A coalition of families of transgender youth and advocacy groups filed a lawsuit Tuesday to stop the federal government from implementing an executive order directing the Department of Health and Human Services and other federal agencies to examine policies related to gender-affirming care for children and teens.
The groups argue in the lawsuit that President Donald Trump is unlawfully discriminating against transgender people by attempting to stop access to medically necessary health care for trans people under 19 across the country.
The order would also deny federal funds to hospitals, clinics, doctors and other providers that offer gender-affirming medical treatments such as puberty blockers and hormone therapies to anyone under 19.

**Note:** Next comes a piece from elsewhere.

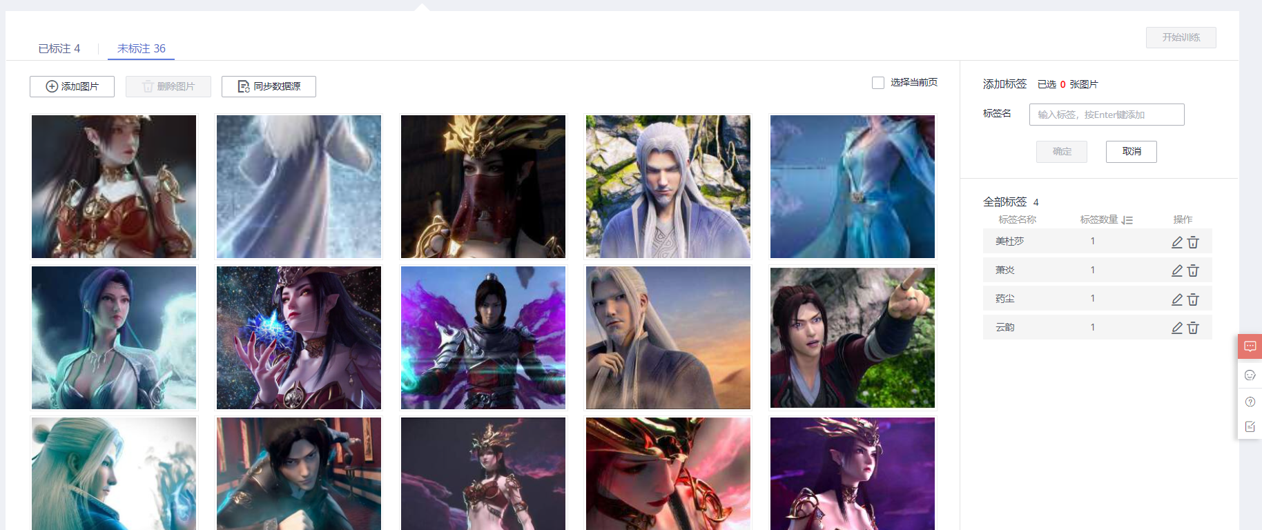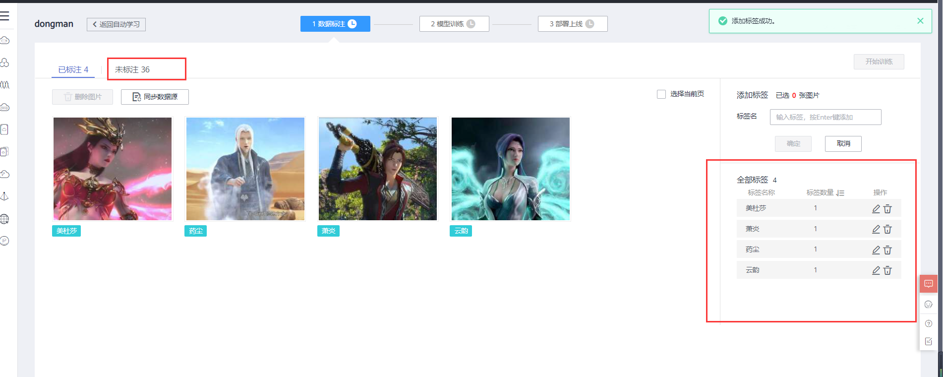 注:标签就是对数据集进行分类,比如本次识别中的:美杜莎、云韵、萧炎、药尘,需我们自己根据数据集新建不同类型的标签;标注就是将数据集中的图片划归到对应的标签下,告诉模型这个图片里是什么

“It is the policy of the United States that it will not fund, sponsor, promote, assist, or support the so-called “transition” of a child from one sex to another, and it will rigorously enforce all laws that prohibit or limit these destructive and life-altering procedures,” the order read in part.
Major medical groups including the American Medical Association, the American Academy of Pediatrics and the American Psychiatric Association support access to health care for trans youth.
The 44-page complaint was filed Tuesday in the U.S. District Court for the District of Maryland. The defendants named in the case include Trump, federal agencies including HHS, the Health Resources and Services Administration and the National Institutes of Health and officials including acting HHS Secretary Dorothy Fink and acting HRSA administrator Diana Espinosa.
Karen Loewy, senior counsel at Lambda Legal, said that the executive orders exceed Trump’s authority as president by ignoring Section 1557 of the 2010 health care law, which prohibits discrimination in specified health programs or activities on the basis of race, color, national origin, sex, age or disability.
“Congress already did what it needed to do when it passed the Affordable Care Act and in doing so, prohibited the discrimination on the basis of sex, which as the Supreme Court held in Bostock [v. Clayton County], includes transgender status,” Loewy said. “So Congress has already acted here. The part of what makes the executive order unauthorized is that it is trying to ignore congressional action.”
The plaintiffs in the lawsuit are civil rights advocacy groups Lambda Legal, the American Civil Liberties Union, the American Civil Liberties Union Foundation of Maryland, PFLAG Inc., GLMA, which was previously known as the Gay and Lesbian Medical Association and the law firms Hogan Lovells and Jenner & Block.
They are suing on behalf of two transgender young adults and five transgender adolescents who the complaint says have had their health care disrupted by Trump’s executive order.
“Today’s order lays out a clear plan to shut down access to life-saving medical care for transgender youth nationwide, overriding the role of families and putting politics between patients and their doctors. We will not allow this dangerous, sweeping, and unconstitutional order to stand,” Joshua Block, senior counsel for the ACLU’s LGBT & HIV Project, said in a press release.